Eventually, we were cold & weary so took the dogs to their 'kennels'.  These are rows of metal cages, the smallest on a row above the largest, in an unheated room,  noisy with barking dogs.  The side walls between cages are solid, so despite having a neighbouring cage each, we put Max & Roxy in together with blankets, water & a supply of food & reluctantly left them.  I think we could have coped with the medium sized-cages, but having a large one at least meant they could be together. 

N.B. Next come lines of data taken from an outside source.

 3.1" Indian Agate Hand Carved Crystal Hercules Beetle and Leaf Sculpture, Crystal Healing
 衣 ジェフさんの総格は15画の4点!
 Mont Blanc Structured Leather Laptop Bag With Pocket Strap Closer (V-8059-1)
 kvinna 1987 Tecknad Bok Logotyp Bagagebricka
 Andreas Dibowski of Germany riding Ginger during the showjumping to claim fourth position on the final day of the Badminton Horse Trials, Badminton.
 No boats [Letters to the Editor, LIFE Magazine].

Some dogs had been very well cared-for with their own beds & toys, other owners hadn't been as thoughtful.  I'd brought an old fleece that they were familiar with, cut into two & plastic food bowels.  I was prepared to throw the fleece, anticipating some mess or vomit.  There were steel containers fastened to the cage doors for water, so I filled this from the tap available, put some dried food in their bowls & reluctantly left them.  At least they were together & hopefully wouldn't feel totally abandoned.

After refreshments in the cafe, we had an hour until 9pm when we'd be allowed to access the car to check on Woody.  We would be escorted to the car deck (weather & staff availability permitting) at 9pm & 8am the following morning.   Accessing our cabin for the first time, I rested, had a dram, but was unable to settle & have a nap in my bunk.

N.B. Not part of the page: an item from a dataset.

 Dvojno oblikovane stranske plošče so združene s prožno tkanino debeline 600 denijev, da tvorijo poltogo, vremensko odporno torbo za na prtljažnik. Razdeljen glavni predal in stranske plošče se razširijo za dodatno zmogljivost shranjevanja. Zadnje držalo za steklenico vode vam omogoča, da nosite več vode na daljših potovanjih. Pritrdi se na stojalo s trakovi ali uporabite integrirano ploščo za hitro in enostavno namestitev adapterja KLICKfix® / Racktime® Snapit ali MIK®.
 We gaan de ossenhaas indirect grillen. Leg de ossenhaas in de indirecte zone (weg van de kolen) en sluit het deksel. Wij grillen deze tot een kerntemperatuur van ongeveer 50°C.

At 9pm we gathered at the information desk with other cat & parrot owners - surprisingly, there were four other parrots onboard!  Once again, we exchanged stories, in particular about our individual experiences of the paperwork required to export parrots from the UK to Spain.  Access to the car decks during the 24 hour crossing is allowed once in the evening & then again in the morning, but only in good weather & we were fortunate.

Woody seemed to be fine & totally unpurturbed by being shut in the car.  We ensured she had a supply of food, Rob fussed her & I spoke to her before leaving her for the night.  Not wanting to stress the dogs by raising their hopes of being freed if they saw us, we retired to bed.  I believe that there was entertainment, show, a cinema & shops to explore on the ferry, but we saw none of them!

After a sleepless night & breakfast, we were waiting impatiently & a little warily at 8am ready to go see Woody - who was absolutely fine & the other owners confirmed their parrots were too.  One of the cat owners' felines had been sick so that cannot have been a nice greeting when the car was accessed!  We packed-up the cabin, knowing once the dogs were freed, we'd be staying on the dog-deck with them.  Max & Roxy seemed to be no worse for their experience & of course, absolutely delighted to see us.

It was a  beautiful sunny morning & pleasantly warm, but with no sign of land, we spent a pleasant few hours speaking to other dog owners again.  A good hour before landing, we were then called to return our dogs to the car where we had to leave them, another unsettling process.  It had clouded over, but we excitedly watched Spain approach.

Pet owners were the first to be alllowed access to their vehicles & after docking, we were soon back in a dog pongy car & out on our way in Spain & a new life!


View back across the hele-pad to the fenced dog enclosure & view from the top of the steps over the dog exercise area.